We might be inching closer to a holy grail of medicine: an incredibly effective flu-killing drug that the virus can’t quickly adapt to. A new experimental treatment was able to rapidly reduce the flu virus in ferrets, but human trials are still a ways off.
Researchers at Georgia State and Emory University have spent the last few years trying to develop what they’ve billed as next-generation antivirals. One lead they’ve followed is a molecule that can attack and inhibit a wide variety of RNA viruses—including chikungunya, Zika, and influenza—called N4-hydroxycytidine (NHC). In animal experiments, at least, NHC seems to throw a big wrench into how an RNA virus replicates itself, leading to disastrous, fatal mutations.
A study with non-human primates, however, suggested that NHC wouldn’t easily be absorbed by the human body, limiting its potential effectiveness. So the researchers created different experimental drug candidates based on NHC that seem to get over this hurdle. And it’s one of these candidates, called EIDD-2801, that was tested out in ferrets for the new study, published Wednesday in Science Translational Medicine.

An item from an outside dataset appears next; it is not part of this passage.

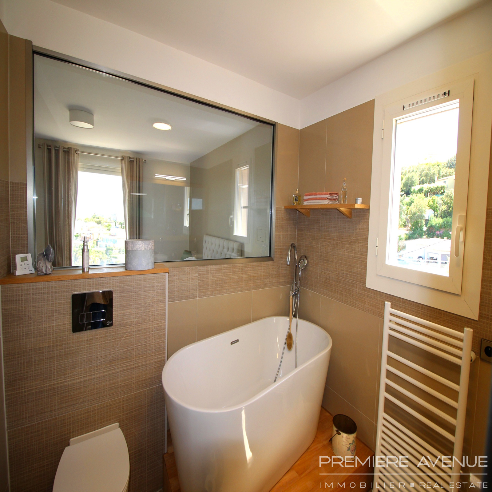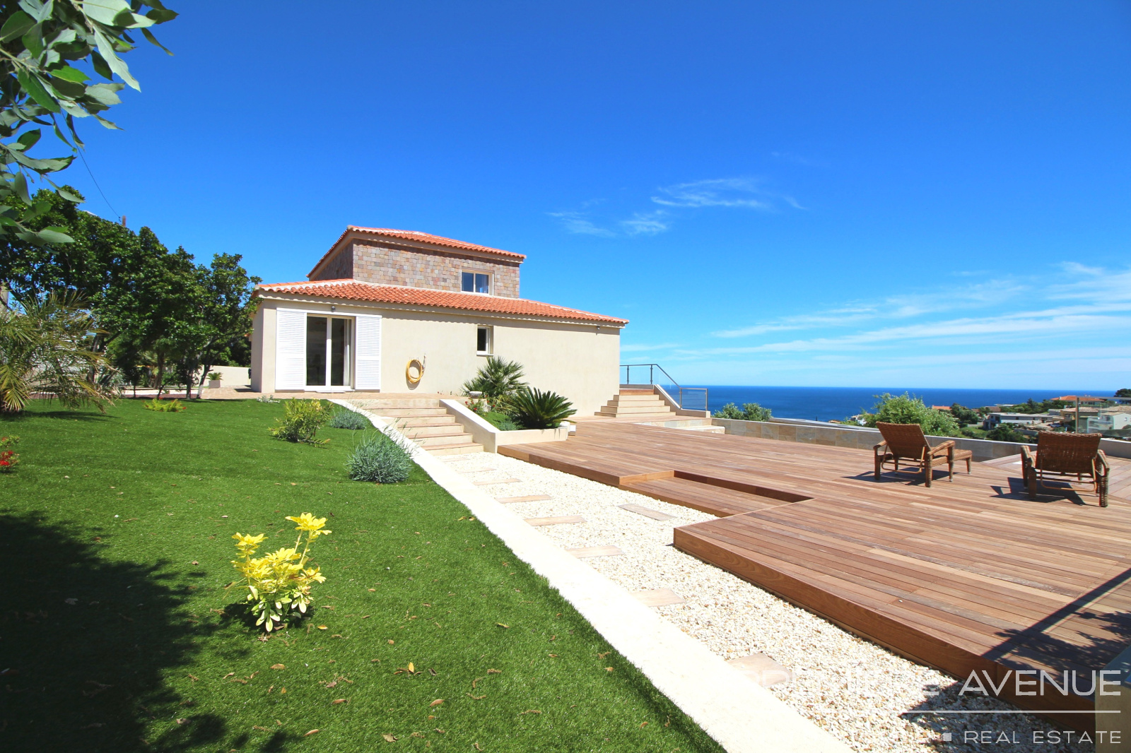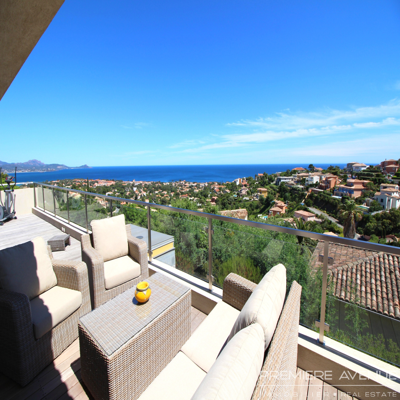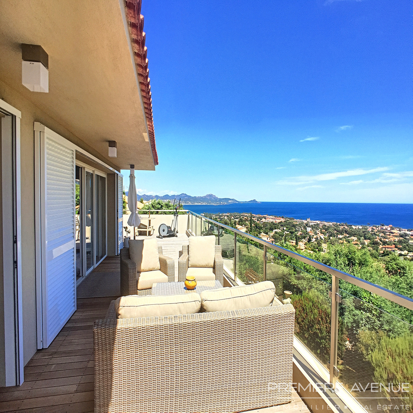 Vue dominante sur la Méditerranée, l’Esterel et l'horizon sur les hauteurs de Saint Aygulf, dans un secteur calme au bout d'une impasse.

As luck would have it, ferrets are remarkably similar to people in how their bodies are attacked by the influenza viruses that infect us, making them an ideal animal model for flu research. For the researchers’ experiments, the ferrets were first infected with different types of flu—the kinds that cause us seasonal sniffles as well as the strain of flu behind a 2009 pandemic—then they were treated with varying oral doses of EIDD-2801 a day into exposure.
They found that EIDD-2801 was able to dramatically reduce the viral load of these flu strains “by multiple orders of magnitude” within a day’s time, along with alleviating fever and other symptoms of infection—with its performance being comparable to or better than an existing antiviral used to treat flu. And when EIDD-2801 was given to the ferrets immediately before and after flu exposure, it prevented illness from showing up at all. Experiments involving human lung tissue created in a petri dish found similar evidence of EIDD-2801’s lethality.
“The compound is highly efficacious against influenza,” senior study author Richard Plemper, a professor at Georgia State’s Institute for Biomedical Sciences, said in a release from the university. “It’s orally available, it’s broad spectrum against all influenza virus strains tested, and most important, it establishes a high barrier against viral escape from inhibition.”
RNA viruses are more genetically unstable than viruses that replicate using DNA. But this instability comes with a benefit, because they can quickly mutate into versions that resist the drugs and vaccines we would want to use on them. That’s why we need a new vaccine every year for seasonal flu, and it’s also why some current antivirals developed against the flu are already practically useless.
But when Plemper and his team sequenced the genomes of influenza viruses exposed to sublethal doses of EIDD-2801, they found no evidence of any beneficial mutations that might grant them resistance. That finding doesn’t mean the virus couldn’t become resistant to EIDD-2801 someday, but it does suggest it won’t be easy.
Still, as useful as ferrets are for studying flu, the real test of EIDD-2801 will have to come in clinical trials involving humans. Plemper and his co-authors say that such trials may get underway by next year.